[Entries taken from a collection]
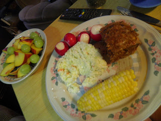Have been trying to cook healthy meals: fruit salad, coleslaw, radishes, corn-on-the-cob with  meatloaf:)
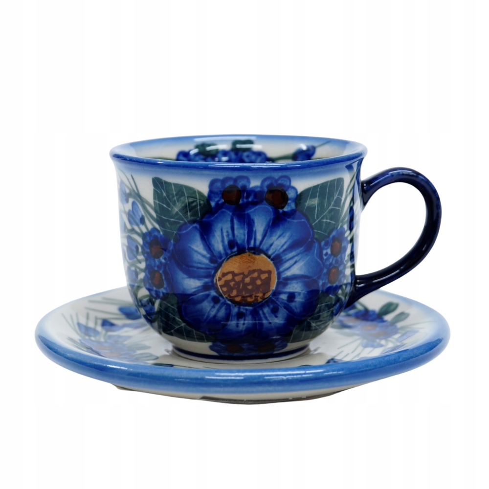 Керамическая чашка и блюдце Болеславец - Andy Ręczna Ceramika Bolesławiec
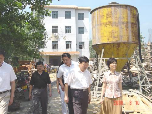 圖為徐成銀場(chǎng)長(zhǎng)陪同周副市長(zhǎng)一行在大壙學(xué)校,察看了解由臺(tái)商捐資正在興建的“明德工程”教學(xué)樓施工情況。
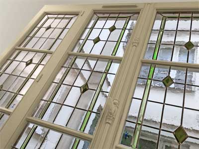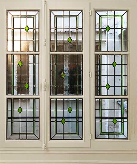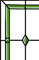 MOTIF géométrique "RECTANGLE" avec cabochons LSG - Bordure périphérique "PENCILS" Réalisation en plomb 1 face sur verre Nature Cristal - Montage sur doubles vitrages existants
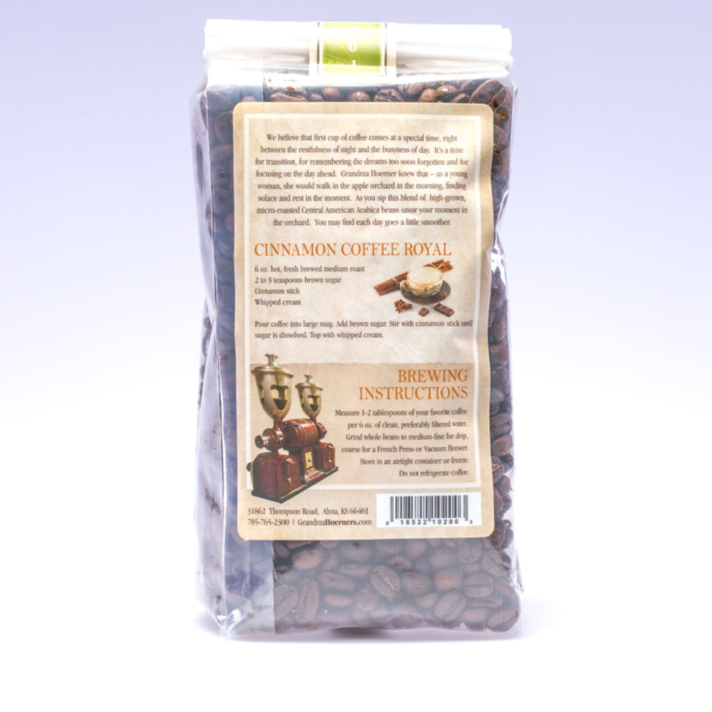 We believe that first cup of coffee comes at a special time, right between the restfulness of night and the busyness of day. It’s a time for transition, for remembering the dreams too soon forgotten and for focusing on the day ahead. Grandma Hoerner knew that—as a young woman, she would walk in the apple orchard in the morning, finding solace and rest in the moment. As you sip this blend of high-grown, micro-roasted Central American Arabica beans, savor your moment in the orchard. You may find each day goes a little smoother.
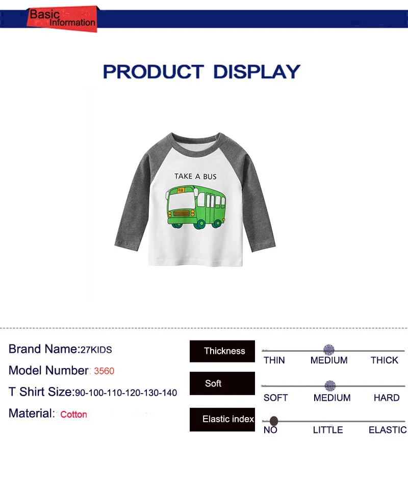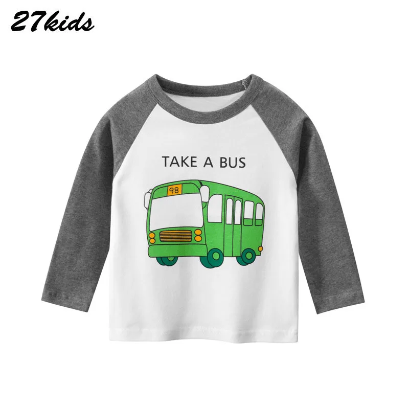 Футболка с длинным рукавом для мальчиков и девочек, хлопковая Осенняя толстовка с рисунком автобуса, 27 шт.

# ASSIGNMENT
Every line from the one containing "We believe that" through the last line of the data, both included, is to be repeated exactly; the pictures are to be left out.

# ANSWER TO THE PROBLEM
 We believe that first cup of coffee comes at a special time, right between the restfulness of night and the busyness of day. It’s a time for transition, for remembering the dreams too soon forgotten and for focusing on the day ahead. Grandma Hoerner knew that—as a young woman, she would walk in the apple orchard in the morning, finding solace and rest in the moment. As you sip this blend of high-grown, micro-roasted Central American Arabica beans, savor your moment in the orchard. You may find each day goes a little smoother.
 Футболка с длинным рукавом для мальчиков и девочек, хлопковая Осенняя толстовка с рисунком автобуса, 27 шт.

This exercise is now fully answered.